An exact transcription of all the records below is required, without any images.

◆ Items from a data source:
+ + +

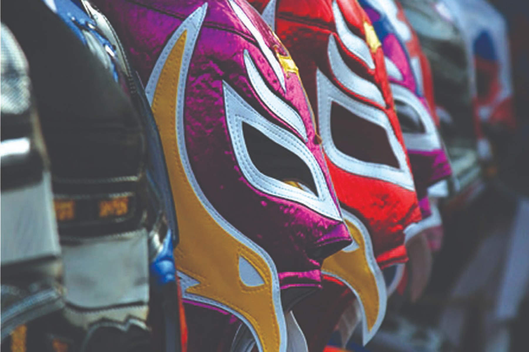 观看墨西哥摔跤手戴着不同颜色和设计的面具走上竞技场
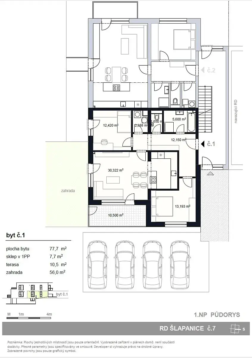 Dispozice: chodba 12,42m2, obývací pokoj s kuchyňským koutem 30,3m2 s přímým vstupem na terasu 10,5m2 a zahradu 56m2, ložnice 13,19m2, dětský pokoj 12,42m2 se vstupem na balkon, koupelna s vanou a sprchovým koutem 5,6m2, WC zvlášť 1,65m2. a technickou místností 2,38m2.
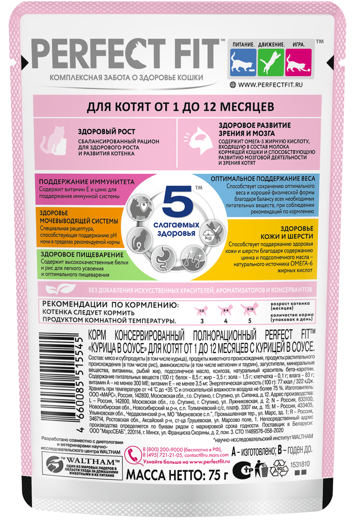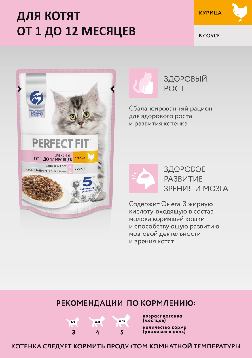Корм консервированный для котят PERFECT FIT с курицей в соусе 1–12 месяцев, 75г информация:
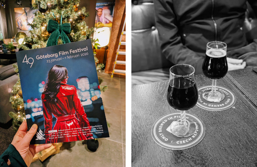 Vi tittade in på Draken och hämtade ett filmfestivalsprogram, och sedan klev vi över till Bishops och beställde två små glas mycket mörk mycket stark stout av olika sorter, som vi delade på.
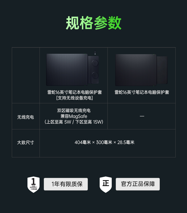 【限时双倍积分】Razer雷蛇 16英寸笔记本电脑保护套 双设备磁吸无线充电【雷蛇官方自营,2年有限质保】
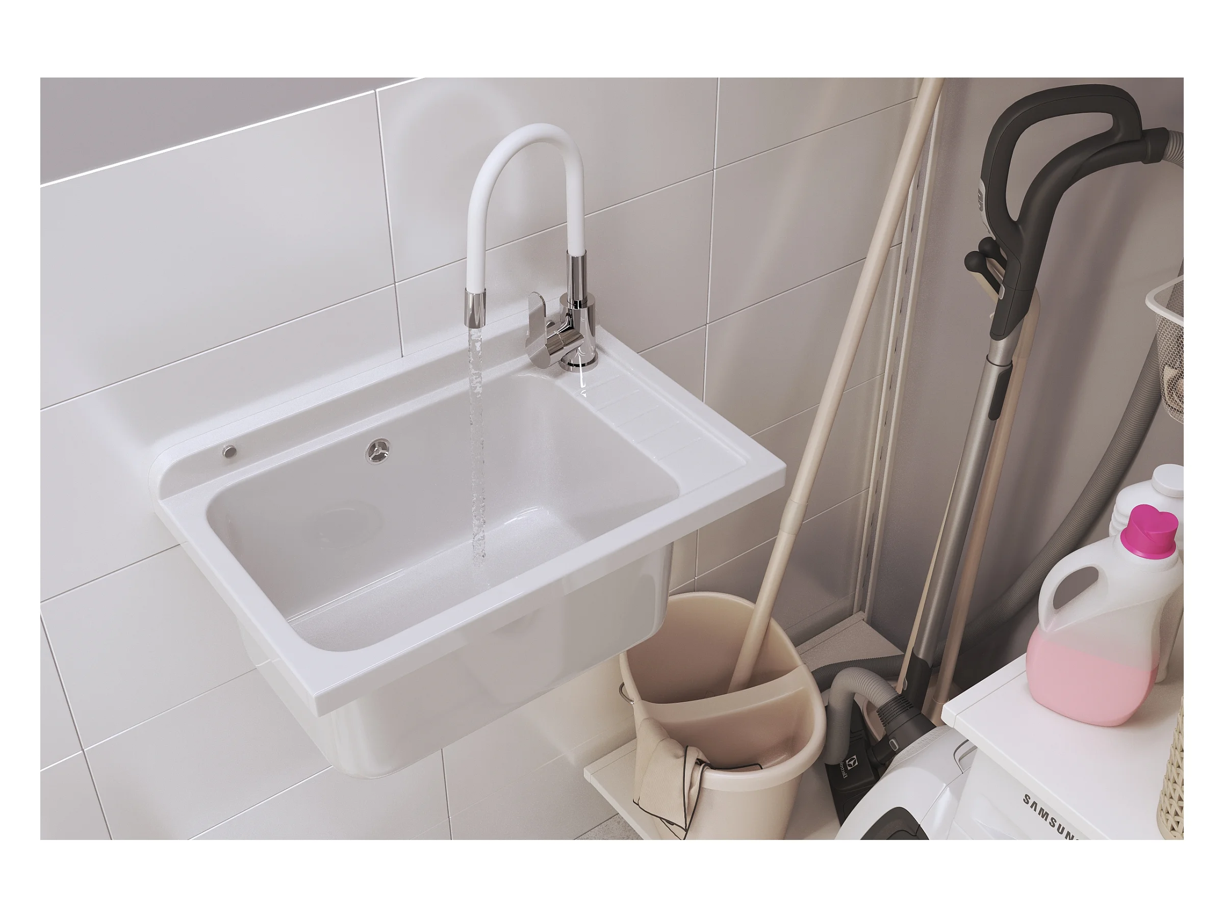 ÉVIER UTILITAIRE CUVE TECHNIQUE GARAGE BLANC ORTA ROBINETTERIE MURALE
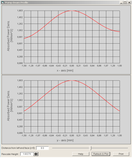 這個條目是不言自明的,吸收系數用來描述泵浦光束的指數衰減,依照公式 計算,這是由于泵浦光子的吸收所引起的,由晶體的摻雜水平所決定,詳細描述見手冊附錄。
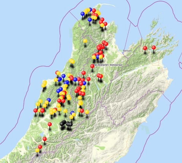 Unsere Prospektionsroute verlief von Christchurch via Lewis Pass - Reefton - Greymouth - Westport - Murchison - nach Collingwood. Ich hatte einen kleinen Camper und Dänu ein 4WD-Fahrzeug plus Zelt. Entlang der Route diente ein Campingplatz während 2-3 Tagen als Basecamp, wo die täglichen Prospektionsausflüge im Detail geplant und ausgeführt wurden.
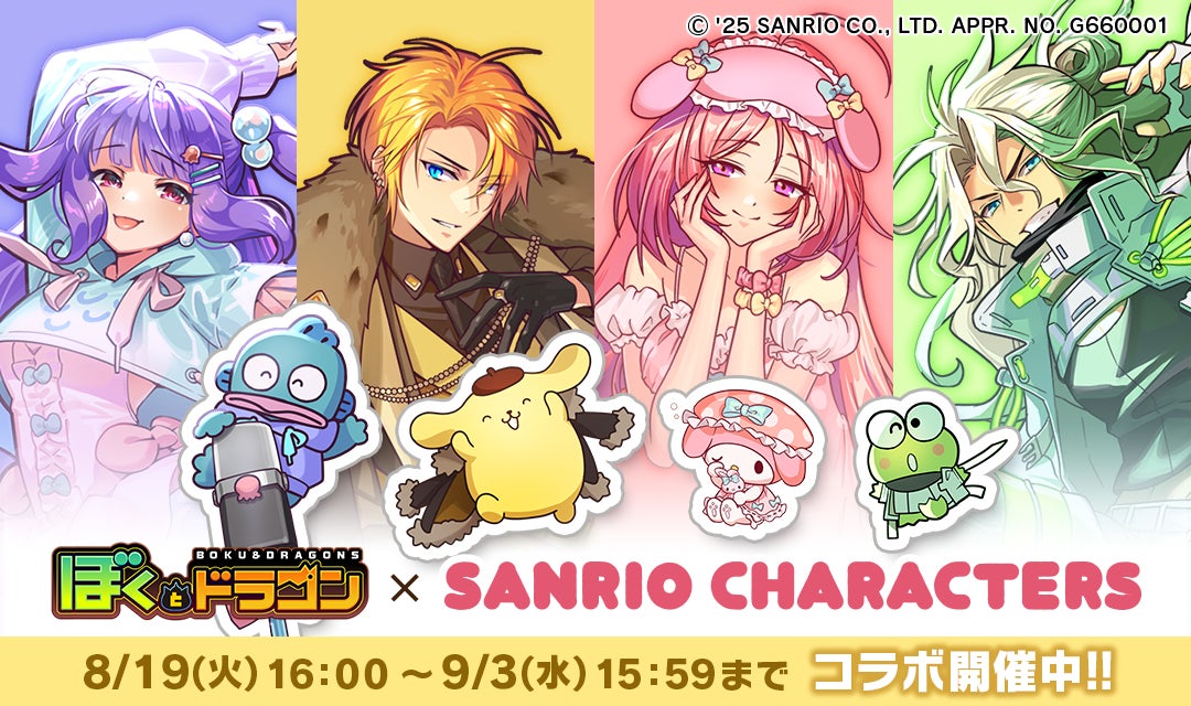 株式会社ドリコムのグループ会社である株式会社スタジオレックスは8月19日、スマホRPG『ぼくとドラゴン』において『サンリオキャラクターズ』との第二弾コラボキャンペーンを実施すると発表しました。コラボ期間は8月19日から9月3日まで開催されます。
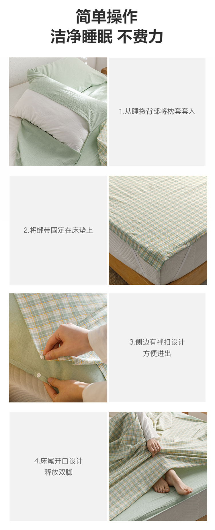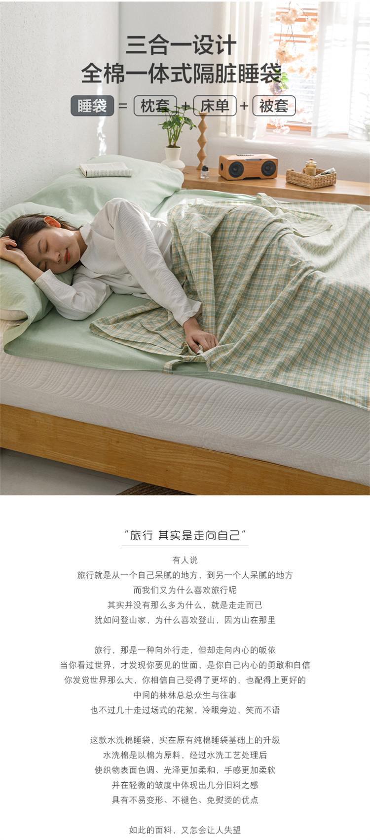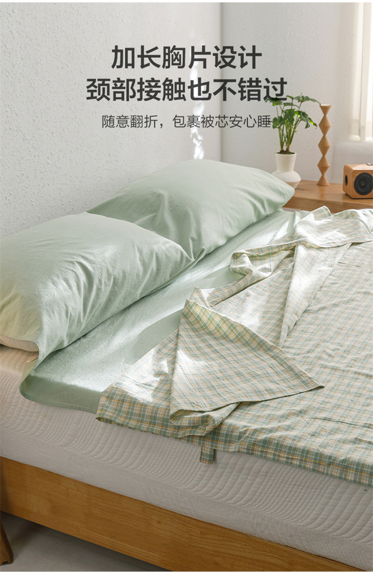 西西家居2023新款日系色织水洗棉睡袋 朵拉绿
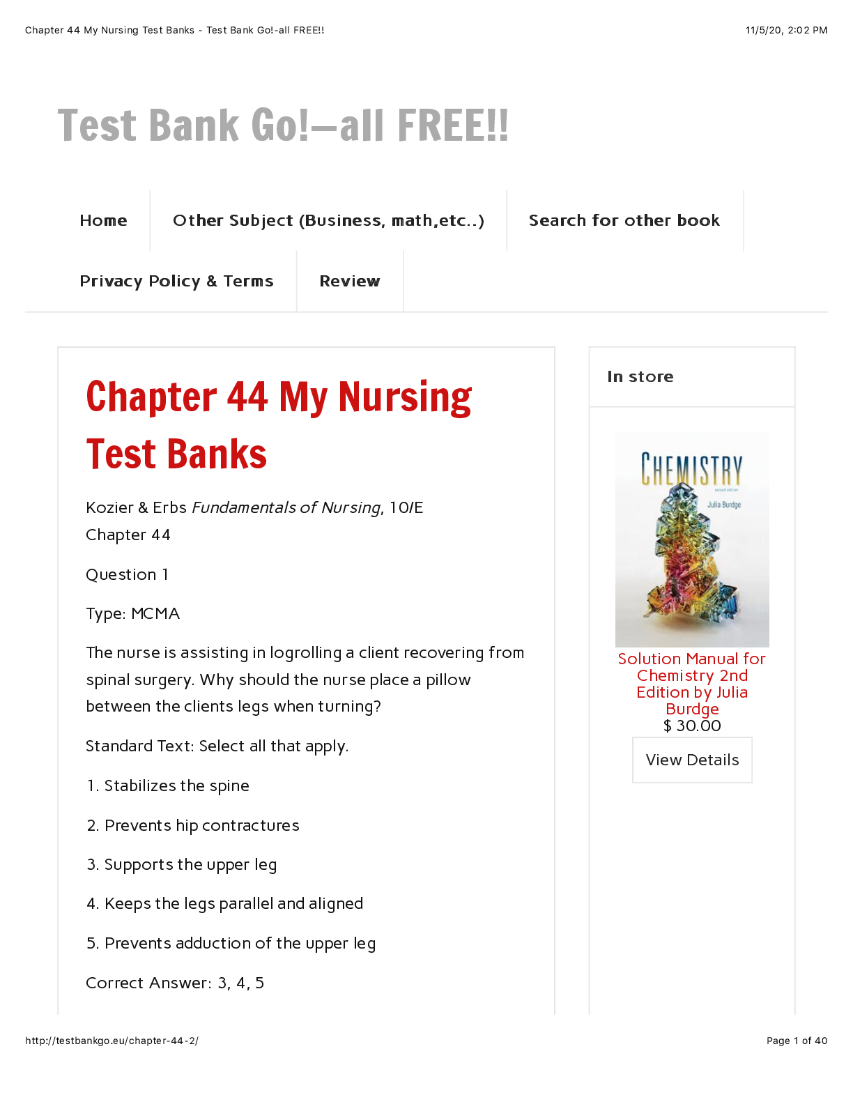*NURSING > QUESTIONS & ANSWERS > Chapter 44 My Nursing Test Banks - Test Bank Go!-all FREE!!.pdf. LATEST. SCORE HIGH (All)
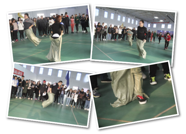 此次“袋鼠跳”全程往返為20米,以麻袋為道具。比賽規(guī)則是,隊員們排好隊,站在起跑線上,聽到發(fā)令后,進(jìn)入麻袋,并向前跳躍,然后到了折返點后再跳回來,第二人接力,以此類推,直至4人全部完成,用時最短隊伍名次列前。
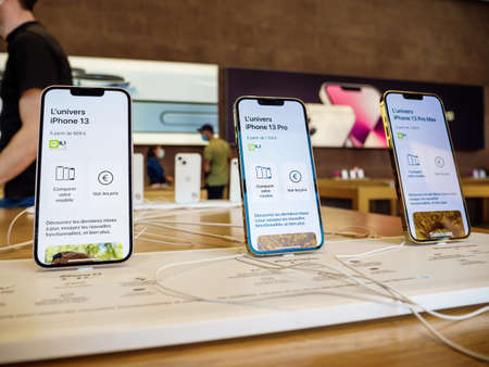 Paris, France - Mar 19 2019: Man POV personal perspective holding iPhone XS inside the new Apple Store Champs-Elysees - showing prices in Euros - French flagship store

+ + +

◆ RESULT FOR THIS TASK:
 观看墨西哥摔跤手戴着不同颜色和设计的面具走上竞技场
 Dispozice: chodba 12,42m2, obývací pokoj s kuchyňským koutem 30,3m2 s přímým vstupem na terasu 10,5m2 a zahradu 56m2, ložnice 13,19m2, dětský pokoj 12,42m2 se vstupem na balkon, koupelna s vanou a sprchovým koutem 5,6m2, WC zvlášť 1,65m2. a technickou místností 2,38m2.
Корм консервированный для котят PERFECT FIT с курицей в соусе 1–12 месяцев, 75г информация:
 Vi tittade in på Draken och hämtade ett filmfestivalsprogram, och sedan klev vi över till Bishops och beställde två små glas mycket mörk mycket stark stout av olika sorter, som vi delade på.
 【限时双倍积分】Razer雷蛇 16英寸笔记本电脑保护套 双设备磁吸无线充电【雷蛇官方自营,2年有限质保】
 ÉVIER UTILITAIRE CUVE TECHNIQUE GARAGE BLANC ORTA ROBINETTERIE MURALE
 這個條目是不言自明的,吸收系數用來描述泵浦光束的指數衰減,依照公式 計算,這是由于泵浦光子的吸收所引起的,由晶體的摻雜水平所決定,詳細描述見手冊附錄。
 Unsere Prospektionsroute verlief von Christchurch via Lewis Pass - Reefton - Greymouth - Westport - Murchison - nach Collingwood. Ich hatte einen kleinen Camper und Dänu ein 4WD-Fahrzeug plus Zelt. Entlang der Route diente ein Campingplatz während 2-3 Tagen als Basecamp, wo die täglichen Prospektionsausflüge im Detail geplant und ausgeführt wurden.
 株式会社ドリコムのグループ会社である株式会社スタジオレックスは8月19日、スマホRPG『ぼくとドラゴン』において『サンリオキャラクターズ』との第二弾コラボキャンペーンを実施すると発表しました。コラボ期間は8月19日から9月3日まで開催されます。
 西西家居2023新款日系色织水洗棉睡袋 朵拉绿
*NURSING > QUESTIONS & ANSWERS > Chapter 44 My Nursing Test Banks - Test Bank Go!-all FREE!!.pdf. LATEST. SCORE HIGH (All)
 此次“袋鼠跳”全程往返為20米,以麻袋為道具。比賽規(guī)則是,隊員們排好隊,站在起跑線上,聽到發(fā)令后,進(jìn)入麻袋,并向前跳躍,然后到了折返點后再跳回來,第二人接力,以此類推,直至4人全部完成,用時最短隊伍名次列前。
 Paris, France - Mar 19 2019: Man POV personal perspective holding iPhone XS inside the new Apple Store Champs-Elysees - showing prices in Euros - French flagship store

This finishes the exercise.